The U.S. now has more than 700 military bases in 130 countries. The Middle East contains 60% of the oil on earth. The U.S. has commercial, political, financial and cultural interests in every country in the area, some of the interests valued in the trillions of dollars. Will Iraq become the 131st country? Will the residual force become the U.S. military base? Removing all U.S. troops from Iraq – NOW – may reverse our reliance on military power, restore our international reputation and encourage the use of “soft power” in pursuit of American interests.

Tuesday, February 24, 2009

The Afghan Cemetery

The Afghan Cemetery
By Jerome Grossman

President Obama indicated through his press secretary that his administration would review its policy toward Afghanistan before making a decision about sending additional troops to fight in that country. Richard Holbrooke, his envoy, was in the Afghanistan/Pakistan region talking with leaders about how best to address the military and political situation. Obama also met with advisers at the Pentagon and the State Department.

As recently as February 15, it was reported that Obama “is refusing to be rushed into his first decision to send troops into combat…… questioning the time table, the mission and even the composition of the new forces.” However, Obama changed his mind on February 17, authorizing 17,000 additional soldiers and Marines for Afghanistan in what he described as an urgent bid to stabilize a deteriorating and neglected country, joining the 30,000 U.S. troops already there.

Obama will be sending more troops to Afghanistan before he has begun to fulfill a promised rapid withdrawal of troops from Iraq. His order leaves crucial questions of strategy and tactics in Afghanistan unanswered until the strategy review is completed in April. Antiwar groups criticized Obama’s decision. Tom Andrews, director of Win Without War said, “The president is committing these troops before he's determined what the mission is….. We need to avoid the slippery slope of military escalation.”

The hasty decision ignored the many negative comments about the prospects for a U.S. victory. General David Petraeus has called Afghanistan “the graveyard of empires”. Holbrooke reported “a purely military victory is not achievable.” British historians furnish the details of their three failed military attempts to pacify the country.

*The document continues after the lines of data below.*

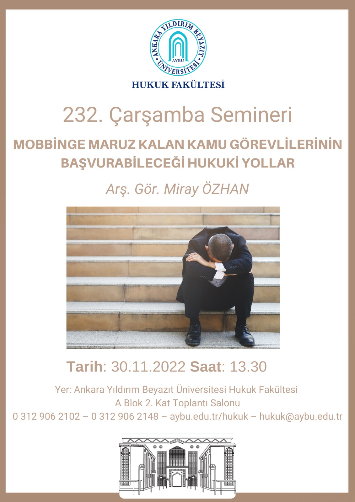 232. Çarşamba Semineri İdare Hukuku Anabilim Dalı Arş. Gör. Miray ÖZHAN tarafından "Mobbinge Maruz Kalan Kamu Görevlilerinin Başvurabileceği Hukuki Yollar" konusunda gerçekleştirilecektir. Sunum kapsamında öncelikle mobbing (işyerinde psikolojik taciz)  kavramı ve kavramın unsurlarından bahsedilecektir. Ardından mevzuat ve yargı kararları ışığında mobbingin kamudaki özel görünümleri aktarılacaktır. Son olarak mobbinge maruz kalan kamu görevlilerinin izleyebileceği idari ve yargısal başvuru yolları incelenerek  söz konusu hukuki yolların etkililiği değerlendirilecektir.
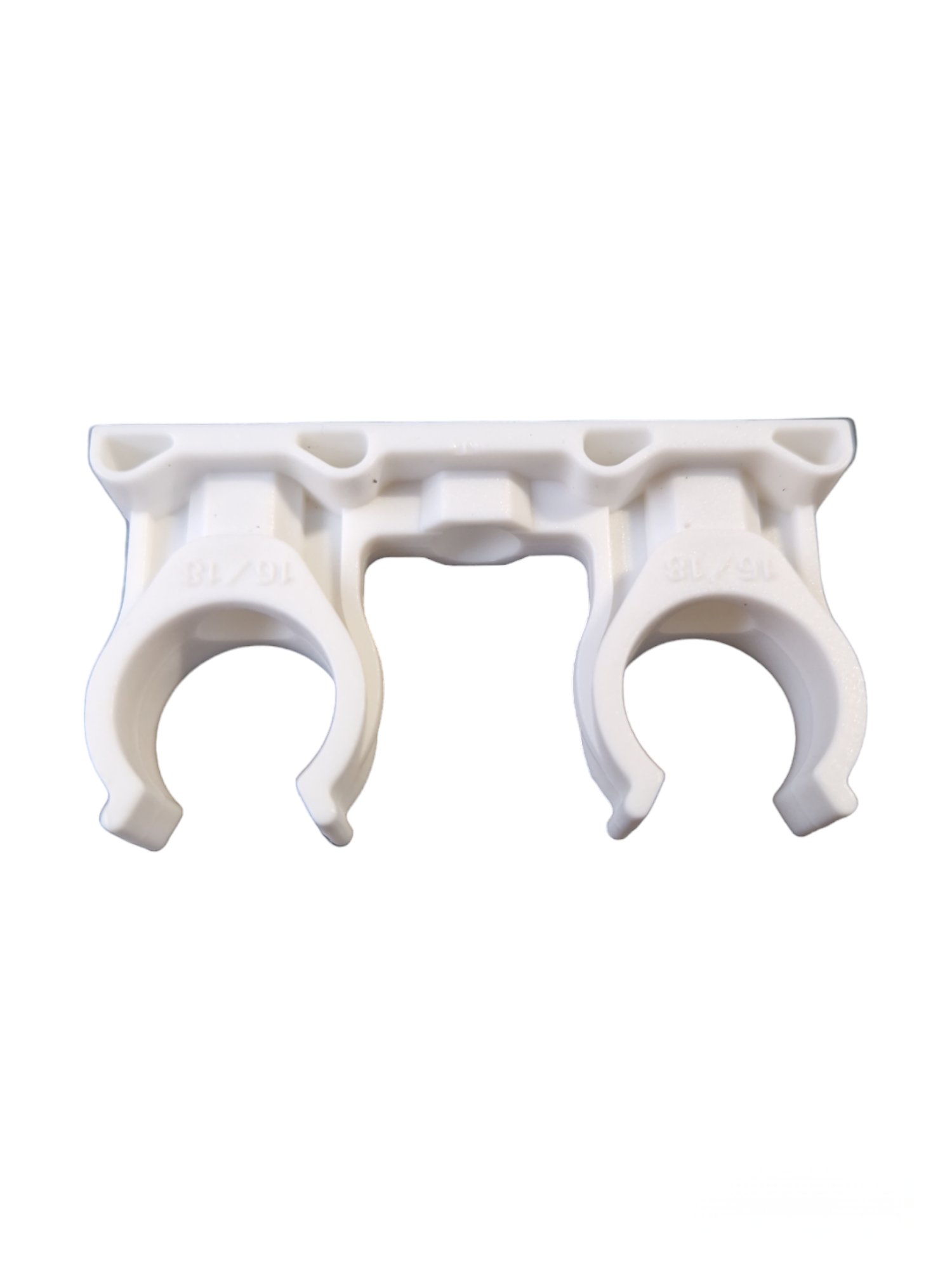 Doppel-Rohrclip für Mehrschichtverbundrohre, Aluminium-Verbundrohre und Kupferrohre (Größe 16-18 mm)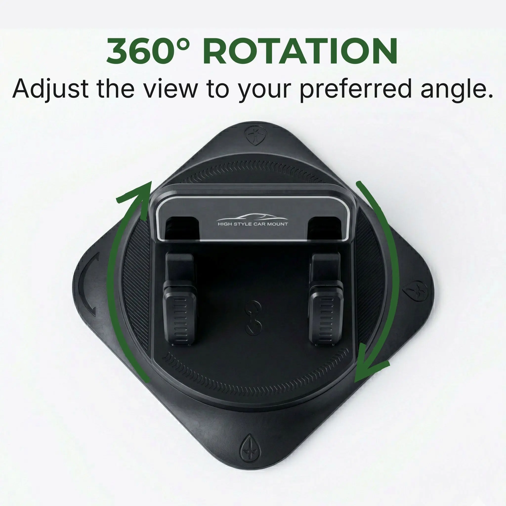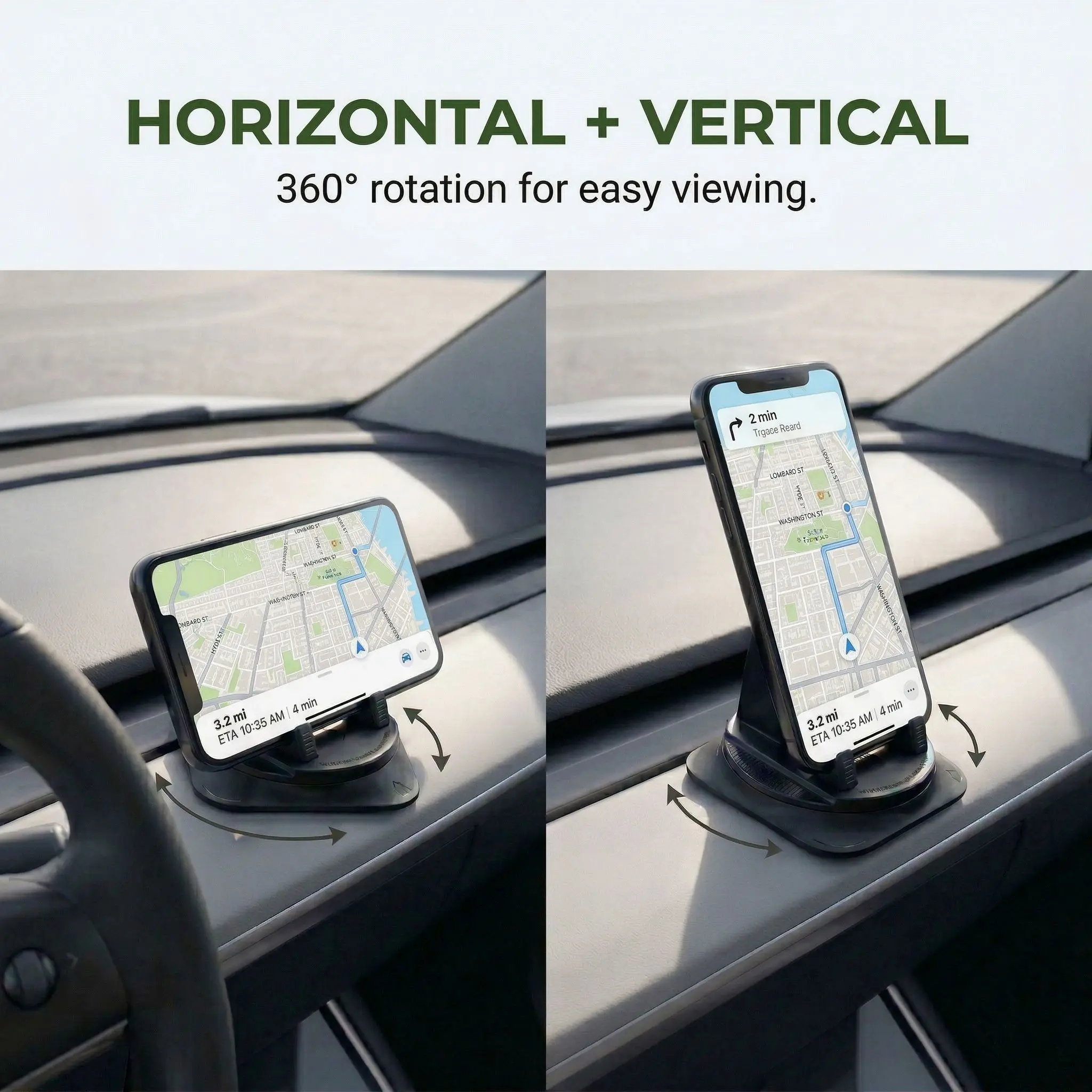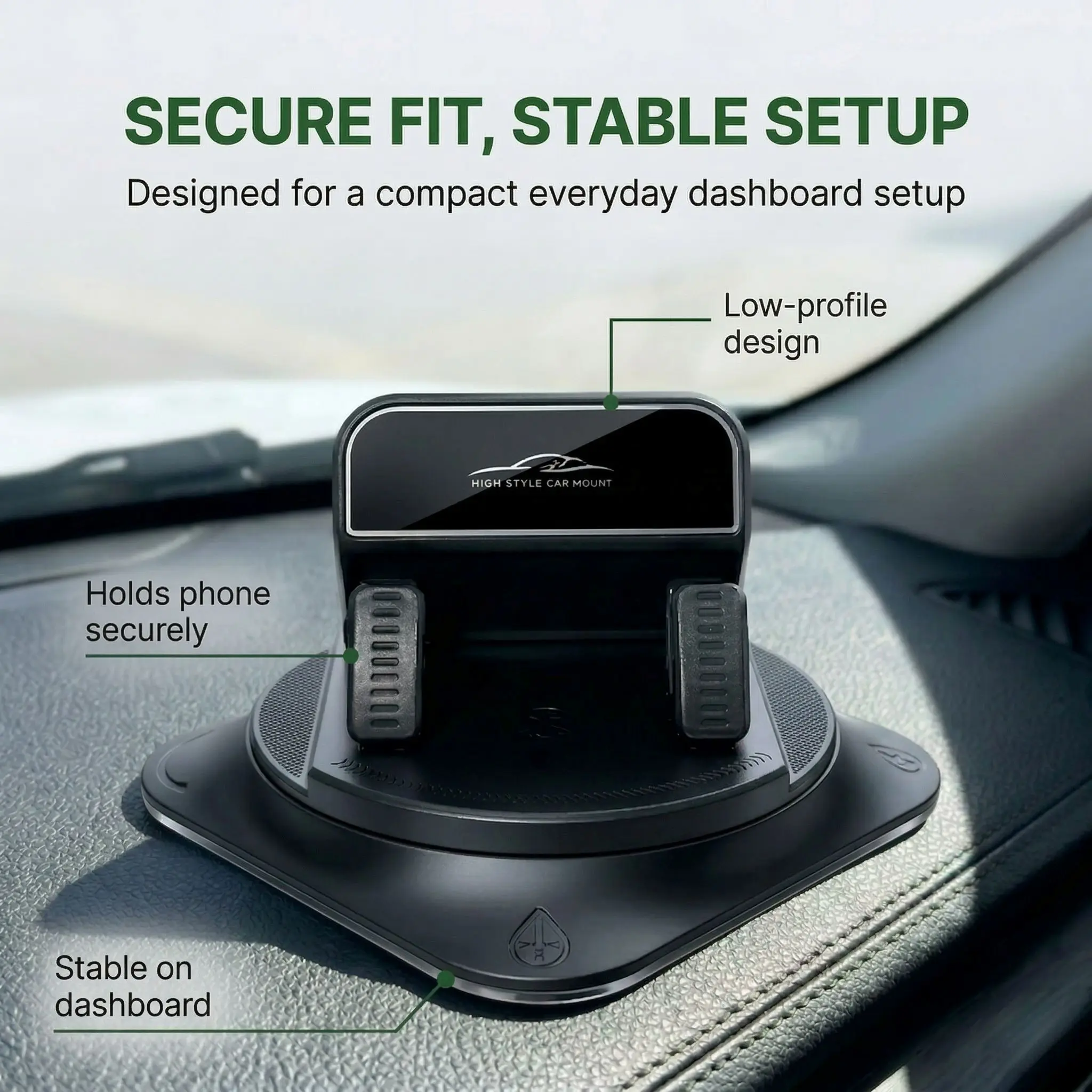 The mount rotates 360 degrees for both portrait and landscape viewing and adjusts with one hand for quick repositioning without fumbling. A low-profile footprint measuring approximately 3.85 by 2.51 inches sits neatly on the dashboard without taking up excess space.

Twenty years after the troops of the Soviet Union pulled out of Afghanistan in defeat, the last Russian general to command them said on Feb 13 that the Soviets’ devastating experience, losing more than 15,000 troops in Afghanistan battling guerrillas “is a dismal omen for the U.S.”

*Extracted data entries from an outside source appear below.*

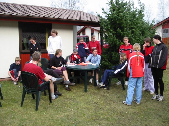 17.03.05 | Trainingslager 2005 Am morgigen Freitag startet das 15. Trainingslager und wieder geht es nach Uelsen in der Grafschaft Bentheim. Es werden 22 Athleten dabei sein und sich auf die neue Saison vorbereiten. Neben 10 Trainingseinheiten steht auch viel Spass auf dem Programm. Einige der Aktivitäten werden sein: Schwimmen, Tagesausflug nach Enschede, Häuserwettkampf, Spielen, Spieleabende, Geburtstag feiern von Maria und und. Wie immer empfangen wir gerne ein Fax von Euch. Die Faxnummer lautet: 05942/1588. |
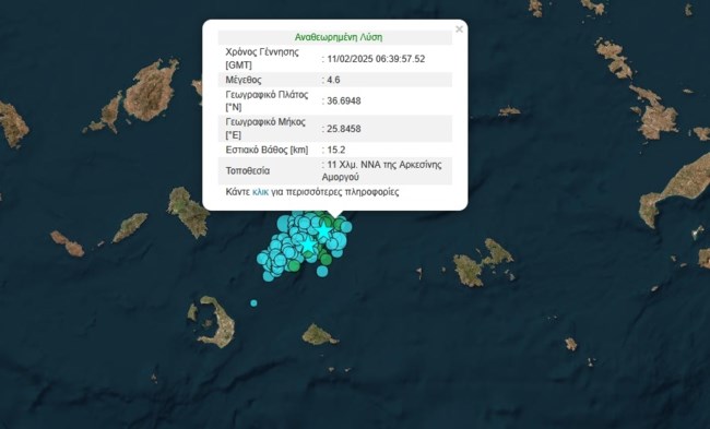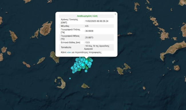 Τουλάχιστον πέντε ακόμα σεισμοί καταγράφτηκαν κατά τη διάρκεια της νύχτας στον θαλάσσιο χώρο νότια της Αμοργού, ο ισχυρότερος από τους οποίους ήταν μεγέθους 5 βαθμών της κλίμακας Ρίχτερ, σύμφωνα με δεδομένα που δόθηκαν στη δημοσιότητα από το Γεωδυναμικό Ινστιτούτο του Εθνικού Αστεροσκοπείου της Αθήνας.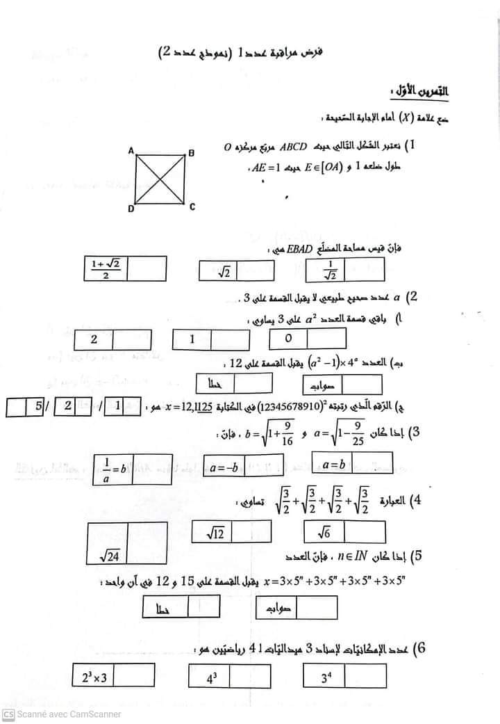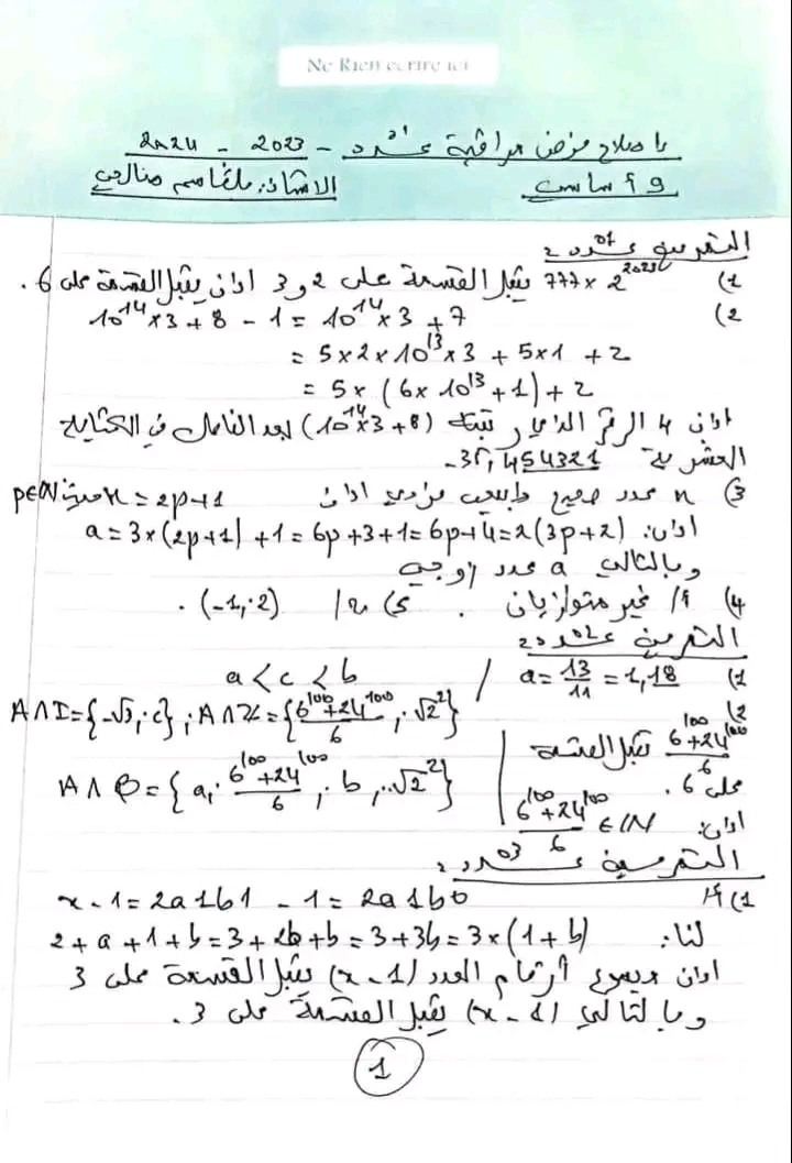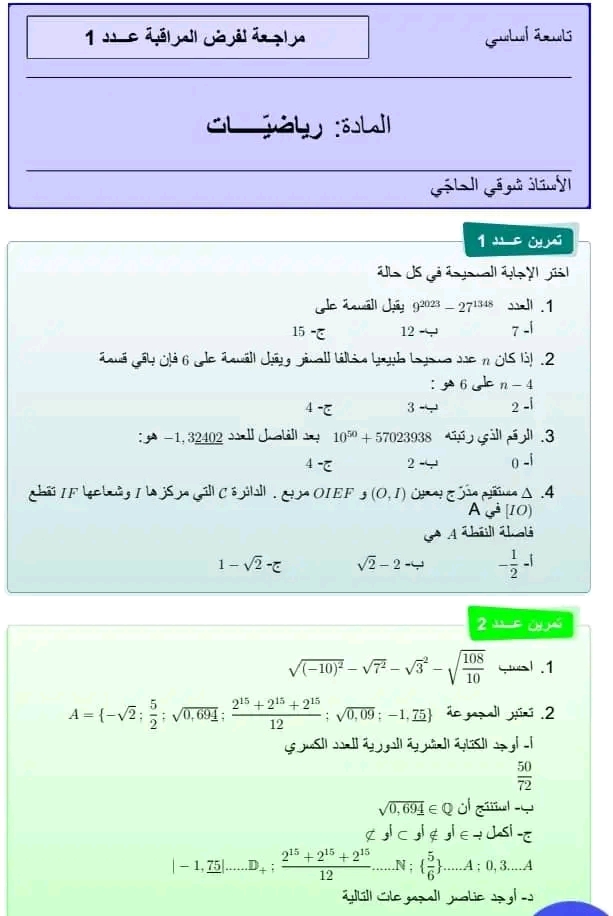 مراقبة عدد 1 مع الإصلاح المستوى 9 أساسي رياضيات

Supporters of expanded U.S. military operations in Afghanistan cite the successes of the American military against the Taliban in October and November, 2001, immediately after the tragedy of September 11. However, that victory was accomplished by air power and bribery. Airpower prevented Taliban military operations. Hundred dollar bills bought warlord allies in this corrupt country whose main product is opium.

Can we do it again, bribing our way through the drug lords? Perhaps. But history shows that Afghans don't stay bought and that the guerrillas motivated by rebellion and nationalism will fight the invaders for hundreds of years, making a bandit's living out of their tactics as they have done for time immemorial.

Don’t think that General Petraeus does not know how to use money as a weapon. While he was installing the “Surge” in Iraq adding 30,000 fresh troops with great fanfare, he was quietly bribing the insurgent Sunnis with $20 dollar bills and rifles, paying 100,000 warriors to stop fighting the Americans.